Read The Best Laid Plans Online
Authors: Terry Fallis
Tags: #Politics, #Adult, #Humour, #Contemporary
“I’ll be ready. Good night, Daniel,” Muriel replied.
“Nice to meet you, Daniel,” chimed Lindsay.
I sauntered out of the room, this time to only a smattering of applause from my adoring fans. In another week, I’ll need to fall off the boardwalk into the water to restore my tragicomic standing at the Riverfront Seniors’ Residence. Jasper gave me the thumbs-up as I hit the crash bar on the front door. I waved and was out.
“Okay, what am I in for?” I asked and looked at Angus, sitting on the couch in his living room. I again sat in the easy chair and sipped a Coke – the course syllabus open on my lap. Without answering, he handed me a large binder with many coloured tabs – week one, week two, week three, etcetera. I flipped through it and found talking points to carry me through the weekly lectures for the entire course. For the second time in as many days, the phrase
I am saved
shoved its way into my thoughts.
“This is perfect! How long did it take you to pull this together?” I inquired.

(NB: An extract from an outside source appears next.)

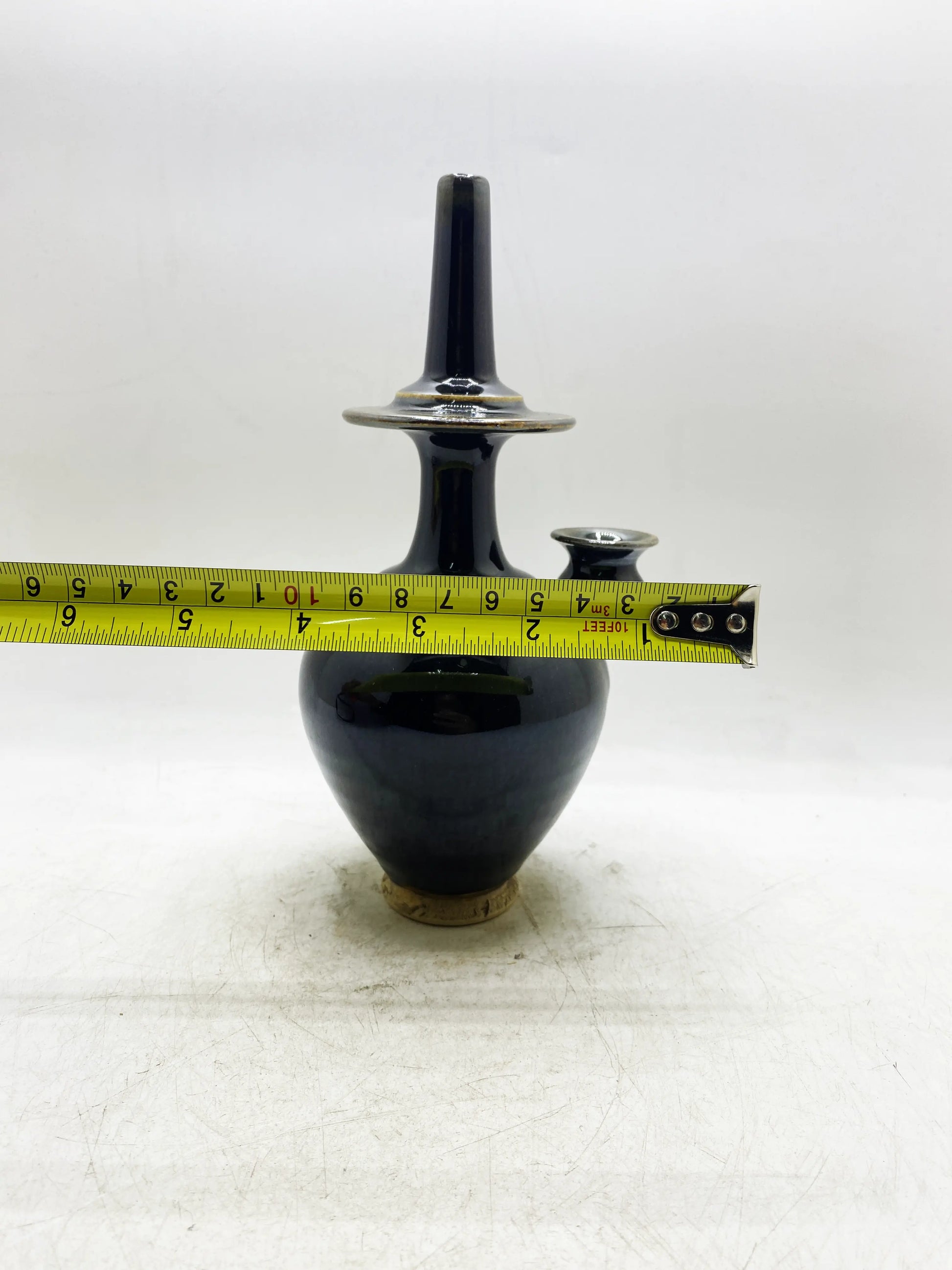 - Handwerk & Material : Hergestellt mit der ikonischen schwarzen Glasur der Cizhou-Brennöfen (hoher Eisengehalt in der Glasur, der nach dem Brennen bei hoher Temperatur eine tiefschwarze, glänzende Textur bildet); der Scherben besteht aus dem typischen beigen groben Ton der nördlichen Brennöfen und ist mit vergoldeten Mustern verziert (was einen zweiten Brennvorgang erfordert, ein komplexer Prozess);

“You’re holdin’ in yer hands the product of nearly 20 years of survivin’ this abominable class. I’ve taught E for E five times in two decades, and I’m sane today because of that binder,” he noted. “The more you can lose yourself in those lectures, the less engaged with the class you’ll need to be. Just ignore ’em and keep on talkin’. It’s easier that way.”
“How many students will there be?” I asked.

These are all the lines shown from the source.